But Italy, so dependent on tourism, is also beginning to despair of it. Last week, a new display was introduced in a bookshop in Venice that reveals, painfully and in real time, the number of beds available in the city to tourists: at 48,596 (and counting), it is perilously close to overtaking the number of residents in the city: 49,365 (and falling). As recently as 2008, the respective figures were 12,000 and 60,000.

 

So a city that is famously concerned about drowning in water is now more fretful about drowning in humans. In January, Venice even introduced an entrance fee (varying between €3 and €10) to access the city and its islands. The move wasn’t controversial because it monetised tourism – that has always happened – but because it made the city appear precisely what it is trying to avoid becoming: a theme park, a time capsule for gawking, snap-happy visitors, more a relic than actually alive.

 

The problem is that mass tourism is turning destinations into the opposite of what they once were. The attraction of the Cinque Terre is their stunning simplicity: they have no great monuments as such, neither grand cathedrals nor castles, just a sense of serenity, of human ingenuity and topographical grandeur (the steep mountains, terraced and criss-crossed by paths where possible, host pastel houses perched above an azure sea).

 

But the serenity and simplicity can’t survive millions of wham-bam visitors a year.
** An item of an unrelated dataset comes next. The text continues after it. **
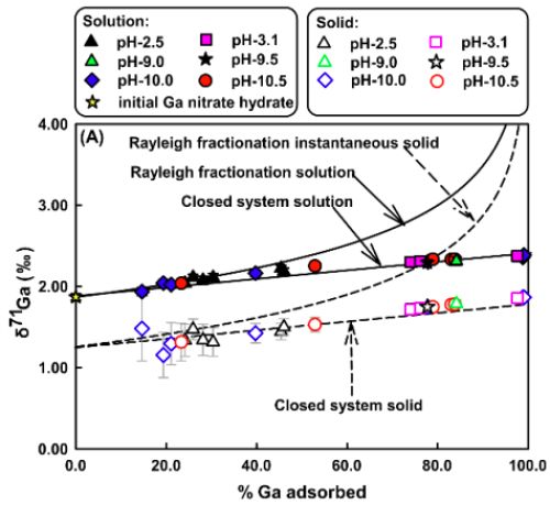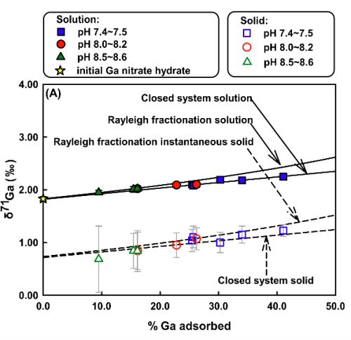 吸附过程对于充分了解金属离子在水岩作用、生物吸收以及大陆风化作用中的迁移转化及机理起着至关重要的作用。Mo、Ge 和 Zn 等多种金属已被证明在矿物吸附过程中会产生显著的同位素分馏。据此,中国科学院地球化学研究所研究员陈玖斌课题组利用在2016年新建的高精度 Ga 同位素分析方法的基础上,开展了 Ga 在矿物表面吸附过程中的同位素分馏研究。研究选取作为地球表层普遍存在并是微量元素迁移的重要载体方解石和针铁矿两类矿物。结果表明,较轻的 Ga 同位素(69Ga)会被优先吸附到矿物(方解石和针铁矿)表面,且方解石表面吸附过程中的同位素分馏大于针铁矿表面吸附过程,其 △71Gasolid-solution 分别为-1.27‰和-0.89‰。造成分馏的主要原因是 Ga 从水溶液吸附到矿物表面发生了形态转变(共价键数和键长),水体中 Ga(OH)4– 会优先吸附到方解石和针铁矿表面分别形成 >Ca-O-GaOH(OH2)4+ 和 >FeOGa(OH) 20 ,从而使共价键由4转变为6,且 Ga-O 键长变长,分别从水体中的1.84 Å 增加到1.94 Å 与1.96 Å 。研究结果表明,有机物吸附过程也会产生类似的 Ga 同位素分馏,预示着 Ga 同位素可以用于示踪生物地球化学过程。特别是在低比值的水/碳酸盐岩与水/铁(氢)氧化物的表层环境下,水体较颗粒物而言可能富集重的 Ga 同位素(71Ga)。作为新开发的同位素体系, Ga 在地学各领域研究中有着重要应用前景。

Two weeks ago, Fabrizia Pecunia, the mayor of one of the five villages, Riomaggiore, complained: “It’s no longer possible to postpone the debate about how to handle tourist flows. If we don’t [find a solution], our days as a tourist destination are numbered.” What tourist hot spots most yearned for a decade or two ago – high numbers, influx and flows – is precisely what is now causing them problems. During the peak season, the Balearic island of Mallorca now has more than 1,000 flights landing every day.

 

The World Tourism Organization predicts that by the end of this decade the flow of international tourists will surpass 2 billion. What’s called “overtourism” is already so acute that popular destinations are now doing the unthinkable, and actively trying to dissuade or block arrivals. Last month, Amsterdam launched “stay away” ads aimed at badly behaved Brits. The Greek island of Santorini, a mere 29 square miles, had to cap cruise ship passengers to 8,000 a day in 2017. Venice has blocked cruise ships and, in 2012, the anti-tourism message proved a winning formula for a mayoral candidate in Barcelona.

 

Now the road is so designated that you feel forced through a well-oiled funnel as someone picks your pockets

 

But if the tourism boom is often bad for locals, it’s equally depressing for visitors. The fiction of tourism in the social media age is that we, as rugged adventurers, are there by ourselves. But we’re only alone for that Instagram money shot. The rest is full of crowds and discomfort. When a friend of mine foolishly went to the Cinque Terre at Easter, there were long queues just to get on the footpaths or to drink a coffee. She then had to queue for three hours just to board one of the rickety trains home.

 

Anyone who has been to Niagara Falls, say, or Stonehenge knows that natural or human wonders have been mercilessly monetised. It now costs, for example, €34 to visit the Angkor Wat temple in Cambodia. Visitors to famous sites often come away feeling not uplifted, but fleeced by car-park charges, entry prices, food stalls and so on. We’re bemused by the inauthenticity of the experience. Travel used to be about adventure and hardship, sometimes solitude, but invariably surprise and spontaneity. Now the road is so well-trodden and designated that you feel forced through a well-oiled funnel as someone picks your pockets.

 

But the sense of unease goes deeper. In the past we travelled to broaden and educate the mind. Travellers suffered discomfort – a mule over the Alps, a clipper across the Bay of Biscay – to absorb the wideness of the world, to feel small or vulnerable perhaps, and to allow the learning of other cultures to infiltrate their beings. Now, it seems, all that is reversed: there’s minimal danger or risk to travel, and our big egos are imposed on a small world. Sites are nothing more than the backdrop for our selfies because we go places not to learn from them, but just to post and boast to others that we’ve been there.

 

 Tobias Jones lives in Parma. His latest book is The Po: An Elegy for Italy’s Longest Ri

Sunday, 23 April 2023

The True Cost | The Truth Behind The Clothes We Wear | Fashion Industry Secrets | Fashion’s real victims: 10 years after Rana Plaza, EU scrambles to prevent future tragedy


Fashion’s real victims: 10 years after Rana Plaza, EU scrambles to prevent future tragedy

 

European Union is finally drafting rules forcing companies to police their supply chains.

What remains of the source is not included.